I'm attempting to follow this tutorial on my own dataset. After binarizing my data, I tried to run the Binary Relevance package, but got the error: The number of classes has to be greater than one; got 1 class
These are the suggestions I've tried, with links:
Getting rid of categories with only one instance. This took my data from 34 labels to 32. I made sure to get rid of the two columns containing these genres. I also exploded the genres column (from a delimited string to just the genres) so that I could get rid of rows containing the sparsely seen genres.
Since I exploded the column, I could use a stratified test train split like you see here:
train, test = train_test_split(movies, random_state=42, train_size = 20000, test_size=1000, shuffle=True, stratify = movies['genre'])
I checked the length of the columns using len(np.unique(train['genre']))
which returned 32.
I checked whether np.unique(y_train)
returned 0 and 1, which it did, meaning I do not just have one class.

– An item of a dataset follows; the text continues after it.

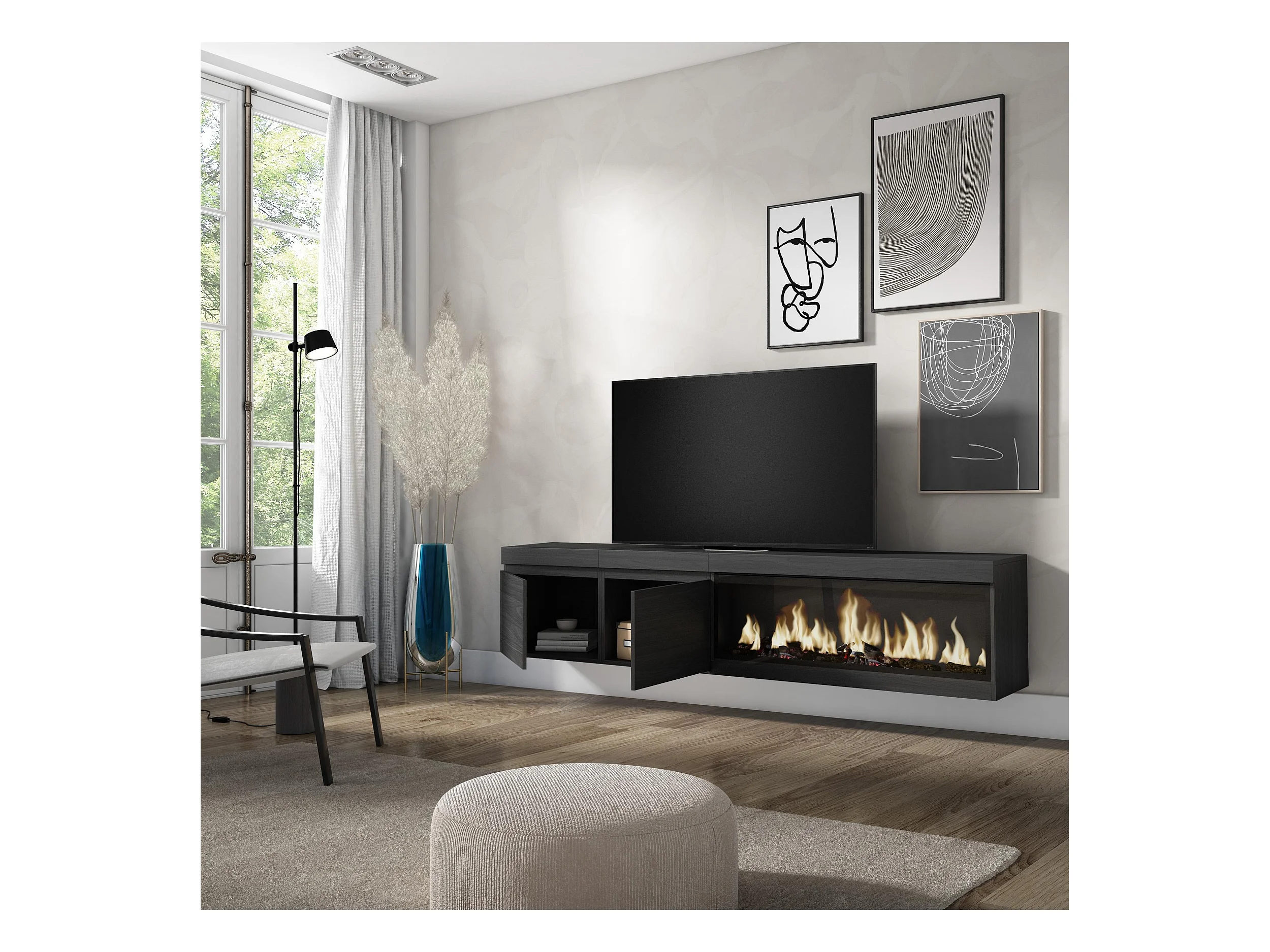 Meuble TV, Banc Télé, 208x35x45cm, Pour les TV jusqu'à 80", Cheminée électrique XXL, Suspendu, Mural, Noir

(EDIT) I also checked the shape of my x_train
and y_train
and got
x_train.shape
= (20000, 10000) (10,000 is my max number of parameters) and y_train.shape
= (20000, 32).
I'm beginning to think that the sparser categories are the issue, and not the code. I have over 300,000 rows, but my smallest categories have only 6 instances. It just not possible to use Binary Relevance to make predictions with such sparse cases, or is there another potential solution I'm missing?
The issue is with scikit-multilearn. It is not compatible with my version of Python (3.11) and does not integrate well with newer versions of numpy and scipy. Using scikit-multilearn-ng solved this issue.